Data Processing Addendum

1. Parties

The customer is the Controller.

Golf Sherpa LTD is the Processor, unless the parties agree otherwise in writing.

2. Subject Matter

Golf Sherpa processes personal data to provide golf event, competition, scoring, app, venue software and related services.

3. Duration

Processing continues for the duration of the agreement and any period required for deletion, return, legal retention or dispute handling.

4. Nature and Purpose of Processing

Processing may include:

• Account creation
• Event registration
• Player management
• Tee time and group management
• Score entry
• Leaderboard display
• Handicap collection
• Communications
• Analytics and reporting
• Support
• Payment status management
• Technical hosting and storage

5. Types of Personal Data

Personal data may include:

• Names
• Email addresses
• Phone numbers
• Club details
• Handicap or playing ability
• Event registration data
• Scores and results
• Tee times
• Team allocations
• Payment status
• Dietary or accessibility requirements
• Device and app usage data
• Communications data

6. Categories of Data Subjects

Data subjects may include:

• Golfers
• Event participants
• Club members
• Venue customers
• Organisers
• Staff
• Volunteers
• Sponsors or guests
• Corporate event attendees

7. Processor Obligations

Golf Sherpa will:

• Process personal data only on documented instructions.
• Ensure authorised personnel are subject to confidentiality obligations.
• Apply appropriate technical and organisational measures.
• Assist the controller with data subject rights where reasonably possible.
• Assist with security, breach and compliance obligations where required.
• Delete or return personal data at the end of the services unless retention is legally required.
• Make reasonable information available to demonstrate compliance.

8. Sub-Processors

Golf Sherpa may use sub-processors for hosting, storage, email, analytics, payments, app services and technical support.

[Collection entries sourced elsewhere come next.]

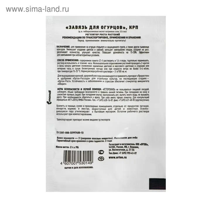 Применение:растворить 2 г препарата в 1,4 л воды. Опрыскивание производить в фазах начала цветения (появления единичных цветков) и массового цветения.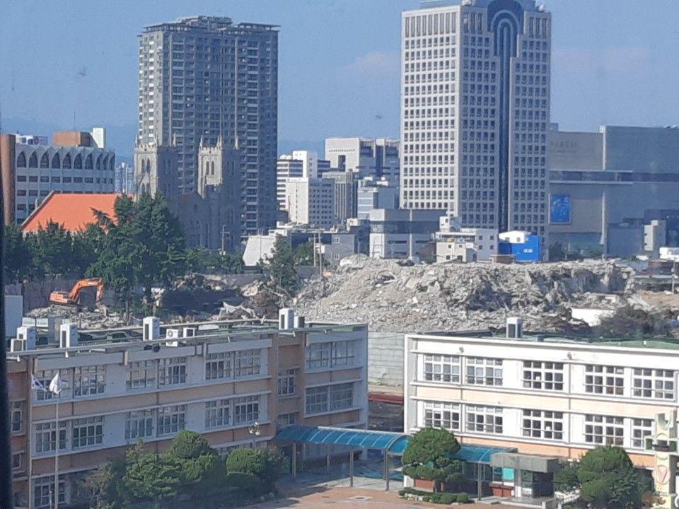 <그림 6 한창 재개발 공사가 진행 중인 대구 지역 한 초등학교 모습. 2018년 3월>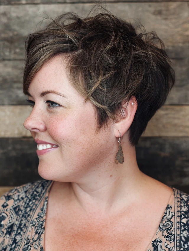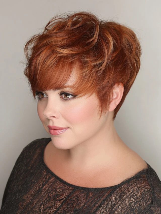 Side-swept bangs elongate the face, and layered pixie adds height at the crown to balance a double chin.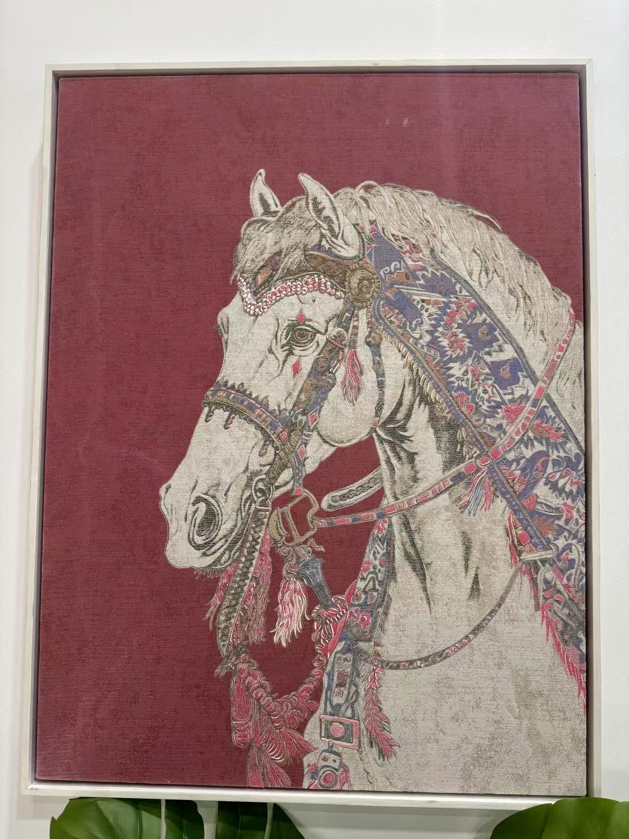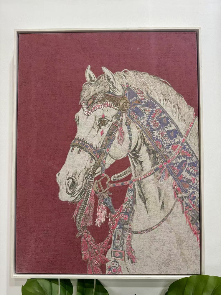 Unique printed canvass same texture as tapestry silk carpets picture depicting beautiful Arabian Horse on a dark ping background with white frame.

Golf Sherpa will ensure sub-processors are subject to appropriate contractual obligations.

9. Security Measures

Security measures may include:

• Access controls
• Authentication
• Role-based permissions
• Encryption where appropriate
• Secure hosting
• Backups
• Logging and monitoring
• Staff and contractor access restrictions
• Supplier due diligence

10. Personal Data Breaches

Golf Sherpa will notify the controller without undue delay after becoming aware of a personal data breach affecting controller data.

The notification will include information reasonably available to Golf Sherpa at the time.

11. International Transfers

Golf Sherpa will not transfer personal data outside the UK unless appropriate safeguards are in place.

12. Audit

Golf Sherpa will provide reasonable information to demonstrate compliance.

Audits must be reasonable, proportionate, confidential and not disrupt Golf Sherpa’s operations.